- What the task requires
Copy only what lies from the line containing "This ring defies" through the line containing "深圳、上海、天津、重慶市場均" in the entries below, keeping both end lines exact and dropping every picture.

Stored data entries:
<<<<

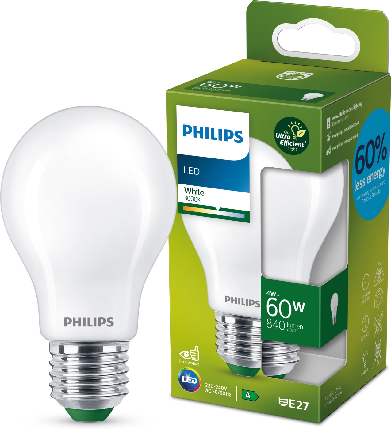Denna Philips Ultra Efficient-lampa är designad för att se lika snygg ut både av och på. Philips Ultra Efficient-lampan är klass A enligt den nya energiklassificeringen, lampan förbrukar endast 4 W el och producerar samma mängd ljus som den tidigare 60 W-glödlampan. Philips LED-lampor erbjuder vackert och varmvitt ljus, en exceptionellt lång livslängd och omedelbara och betydande energibesparingar. Den stilrena och elegant designade lampan ersätter glödlampor perfekt med en opal yta. Lampan förbrukar cirka 60 % mindre energi än en vanlig Philips LED-lampa och dess livslängd är upp till 3,5 gånger så lång som en vanlig Philips LED-lampa.
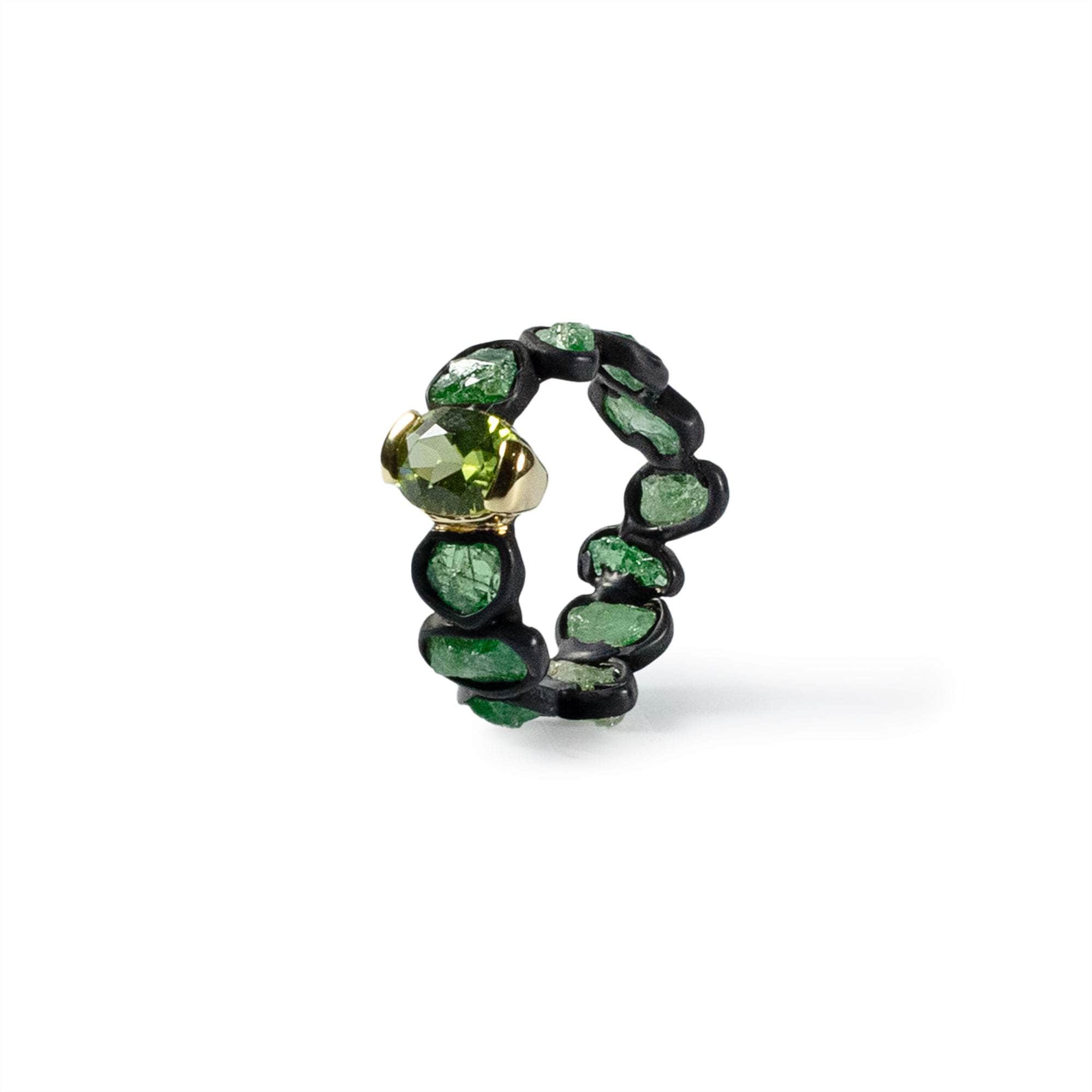 This ring defies convention with its bold, organic design. Handmade from silver and coated in 18K gold and Black Anthracite, it is both resilient and hypoallergenic. Raw, unrefined Tsavorite gemstones, left in their natural, irregular forms, adorn the band, untouched by any enhancements. At the center, a 6x8 mm oval-cut Peridot shines, elegantly framed in 18K gold. Ideal for those who embrace unaltered beauty, this piece pays homage to nature's wild elegance and untamed spirit.
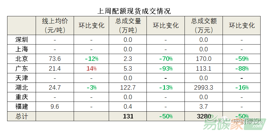深圳、上海、天津、重慶市場均無成交。上周,8個區域碳市場配額總成交量130萬噸,總成交額3280萬元,均較前一周(259萬噸,6566萬元)下跌了50%。
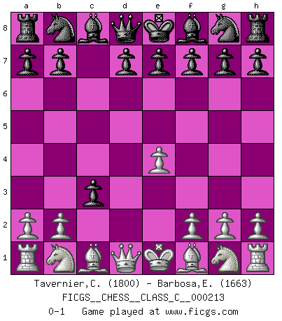 Last move : 0-1 2014 October 27 9:36:7 [Event "FICGS__CHESS__CLASS_C__000213"] [Site "FICGS"] [Date "2014.09.16"] [Round "1"] [White "Tavernier,Christopher"] [Black "Barbosa,Edinardo"] [Result "0-1"] [WhiteElo "1800"] [BlackElo "1663"] 1.e4 c5 2.d4 cxd4 3.c3 dxc3 0-1 This chess game has been lost on time (started : 2014.09.16 12:2:34) Sicilian : Smith-Morra gambit Player Black won this chess game. Follow this game move after move (download)A thorough understanding of the typical mating continuations makes the most complicated sacrificial combinations leading up to them not only not difficult, but almost a matter of course. (Siegbert Tarrasch) Jeder weiß, dass Gasprom Putins persönliches Machtinstrument ist. Die Firma wird vom Kreml aus geleitet und wird schon deshalb nie transparent sein. (Garry Kasparov) Si pudieramos observar el interior de la cabeza de un jugador de Ajedrez, encontraríamos ahí un mundo lleno de sentimientos, imágenes, ideas, emoción y pasión. (Alfred Binet) Votre seul travail dans les ouvertures est d'obtenir un milieu de partie jouable. (Lajos Portish) A cynic is a man who knows the price of everything but the value of nothing. (Oscar Wilde)
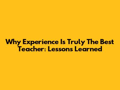 Why Experience Is Truly The Best Teacher: Lessons Learned

>>>>

- Response for this exercise
 This ring defies convention with its bold, organic design. Handmade from silver and coated in 18K gold and Black Anthracite, it is both resilient and hypoallergenic. Raw, unrefined Tsavorite gemstones, left in their natural, irregular forms, adorn the band, untouched by any enhancements. At the center, a 6x8 mm oval-cut Peridot shines, elegantly framed in 18K gold. Ideal for those who embrace unaltered beauty, this piece pays homage to nature's wild elegance and untamed spirit.
深圳、上海、天津、重慶市場均無成交。上周,8個區域碳市場配額總成交量130萬噸,總成交額3280萬元,均較前一周(259萬噸,6566萬元)下跌了50%。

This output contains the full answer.